# [Prompt]
Set down exactly, from the records below, the line with "Wholesale Islamic Clothing" through the line with "他对此卷祝允明草书《前赤壁赋", and nothing else.

# [Data in this exercise]

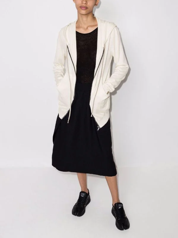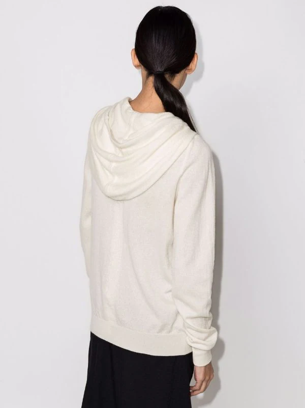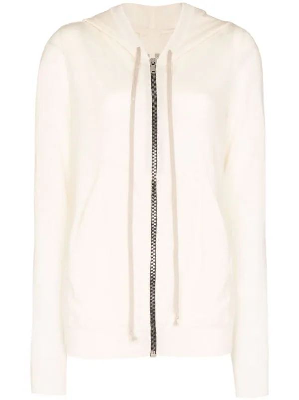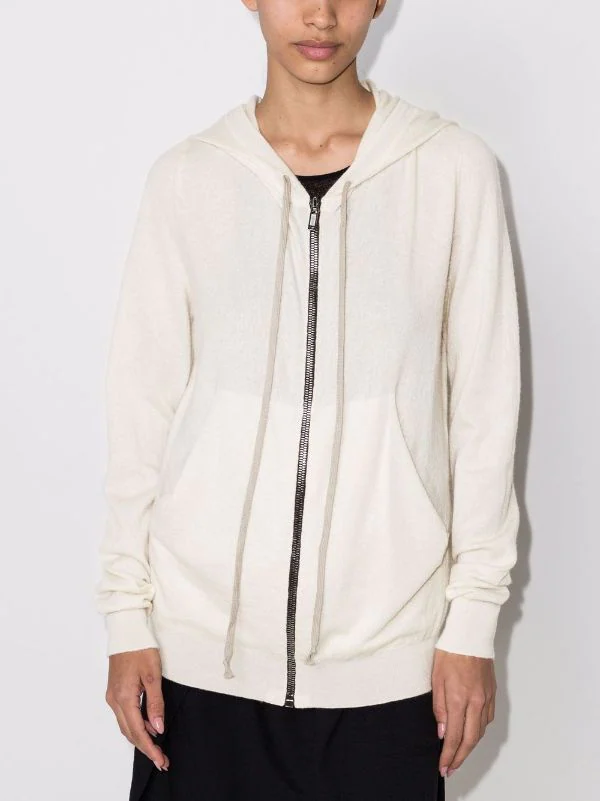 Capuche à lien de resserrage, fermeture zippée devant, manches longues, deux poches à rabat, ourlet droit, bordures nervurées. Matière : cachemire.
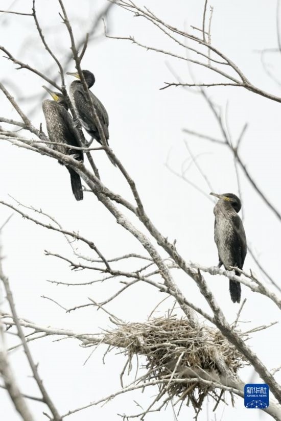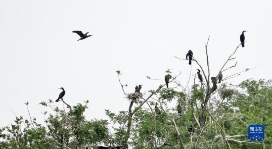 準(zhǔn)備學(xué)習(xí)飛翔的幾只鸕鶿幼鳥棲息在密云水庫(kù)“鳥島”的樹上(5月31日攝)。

...

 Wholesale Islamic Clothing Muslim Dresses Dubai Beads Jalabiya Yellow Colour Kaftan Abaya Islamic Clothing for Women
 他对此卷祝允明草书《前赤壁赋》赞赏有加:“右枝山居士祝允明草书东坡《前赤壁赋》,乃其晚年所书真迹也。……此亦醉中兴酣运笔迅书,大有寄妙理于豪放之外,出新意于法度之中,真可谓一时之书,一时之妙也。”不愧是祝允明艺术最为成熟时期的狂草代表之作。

# [Answer to the exercise]
 Wholesale Islamic Clothing Muslim Dresses Dubai Beads Jalabiya Yellow Colour Kaftan Abaya Islamic Clothing for Women
 他对此卷祝允明草书《前赤壁赋》赞赏有加:“右枝山居士祝允明草书东坡《前赤壁赋》,乃其晚年所书真迹也。……此亦醉中兴酣运笔迅书,大有寄妙理于豪放之外,出新意于法度之中,真可谓一时之书,一时之妙也。”不愧是祝允明艺术最为成熟时期的狂草代表之作。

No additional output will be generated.